За ранней пасхой и весна пришла ранняя — апреля девятого снег сошел, и не только все пригорки, но и луга кругом зазеленели, и всякие цветы расцветать начали. С каждым днем все теплей и светлей становится, и живет Иван какой-то особой радостью, ни о чем не думая.
Сидя вот на пристенной скамье, дремлет он после трапезы. В покоях жарко натоплено — Марьюшка с Евстратовной собираются купать Ванюшеньку.
Сквозь дрему Иван чует тепло и будто чье-то влажное дыхание, пахнет мокрым разогретым деревом…
Приоткрыв глаза, он видит, как Евстратовна среди клубов пара старательно моет кипятком деревянное корыто, скручивает и выжимает потом какие-то горячие тряпки.

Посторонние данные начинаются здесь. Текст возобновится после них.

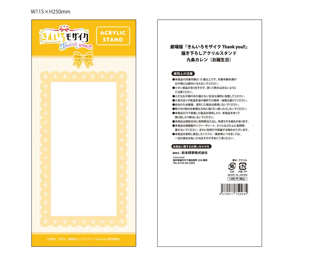 | 商品名稱 | きんいろモザイクThank you!! 描き下ろしアクリルスタンド 九条カレン(お誕生日)(亞加力立牌) |
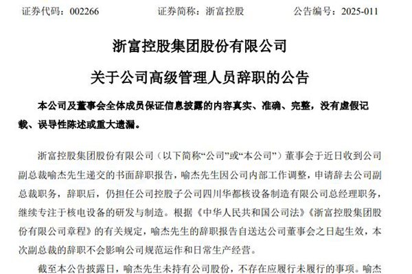 浙富控股集团股份有限公司(简称:浙富控股)近日公告称,公司董事会于近日收到副总裁喻杰先生递交的书面辞职报告,喻杰先生因公司内部工作调整,申请辞去公司副总裁职务,辞职后,仍担任公司控股子公司四川华都核设备制造有限公司总经理职务,继续专注于核电设备的研发与制造。 据悉,浙富控股的主营业务涵盖危废无害化处理及再生资源回收利用、...
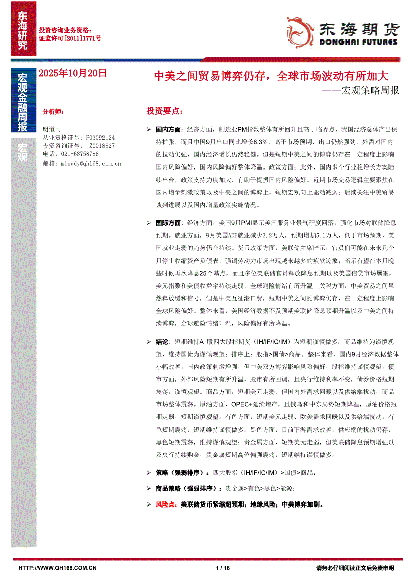东海期货-宏观策略周报:中美之间贸易博弈仍存,全球市场波动有所加大-251020
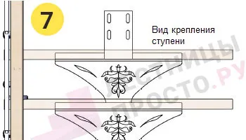 При заказе вы можете выбрать любой вид крепления ступеней из показанных ниже в блоке "Чертежи и схемы" (просто оформите заказ, мы позвоним вам для согласования заказа и спросим номер необходимого крепления) .
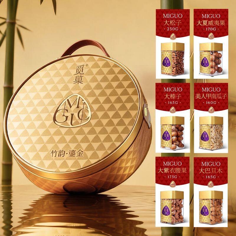 觅菓礼盒鎏金款6罐竹韵1065G春节年货送长辈送礼腰果
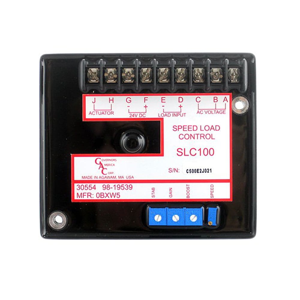 The SLC100 electronic governor, DOD part number 98-19539, controls the generators electrical load by adjusting engine speed, it controls generator voltage, not speed. This variable speed operation results in low noise, signifi cantly reduces fuel consumption and extends engine life.
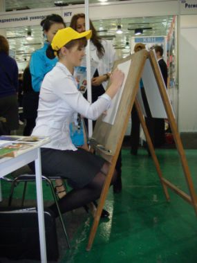 Наша экспозиция была представлена новыми рекламными стендами, видеороликами с учебными фильмами и презентациями научных архитектурных разработок студентов, макетами зданий, рекламными материалами с общеобразовательной информацией для абитуриентов. В этом году в работе стенда приняли активное участие студенты. Ребята приглашали посетителей выставки к нашему стенду, раздавали рекламные буклеты. Одним из самых привлекательных моментов в работе стенда Сибстрина был пленер, организованный Молодежной творческой мастерской. Ребята рисовали портреты участников выставки, посетителей, отражали в своих рисунках работу соседних стендов, запечатляли яркие моменты выставки

Ближе к нему сидит Марьюшка, качая Ванюшеньку и чуть слышно приговаривая:
— Купать будем Ванюшеньку, маленького нашего…
Сладостный туман окутывает мысли Ивана, и глаза невольно закрываются, но в дреме какие-то думы сами собой идут к нему, плывут, как сны, — непонятные и в то же время как-то понятные ему. Мнится ему, словно вот стеной живой отец и мать заслоняют его от тьмы кромешной и холода смертного, а Марьюшка сладостной негой и радостью бьется, как сердце, в самой груди его, и бежит вдаль от них ручейком весенним бесценный их Ванюшенька, истинно ручеек в жизнь вечную…
— Иване, Иване, — слышит он нежный голос, — да проснись же, Иване, поцелуй Ванюшеньку-то… Купать его сей часец будем…
Иван чувствует у своего лица маленькие тепленькие пальчики, шевелятся они и путаются в его бороде. Очнувшись совсем от дремоты, он с нежностью целует ручонки и ножонки, словно перетянутые ниточками, и бормочет, сам не зная, откуда приходят эти глупые, но ласковые слова:
— Медунчик мой, теплышка моя, голубеночек маленькой…
Марьюшка громко смеется, стараясь отнять у отца ребенка.
— Что же вы дитем, как куклой, играете, — рассердилась Евстратовна, — отдай, государь, вода-то стынет в корыте…
Ловко выхватив ребенка, Евстратовна посадила в корыто Ванюшенку и стала с ладони поливать его теплой водой, приговаривая ласково:
С гор водичка-вода
С Ванюшеньки — хвороба…
Жарко в покое, а от кипятка и корыта баней пахнет…
Кто-то торопливо и тревожно постучал в дверь. Вошел Данила Константинович, молодой дворецкий.
— Будьте здравы, государь и государыня! — сказал он глухо.
— Что? — тревожно вскинув глаза, спросил Иван.
— Старый государь на думу кличет. Вестники с Оки пригнали. Татары идут…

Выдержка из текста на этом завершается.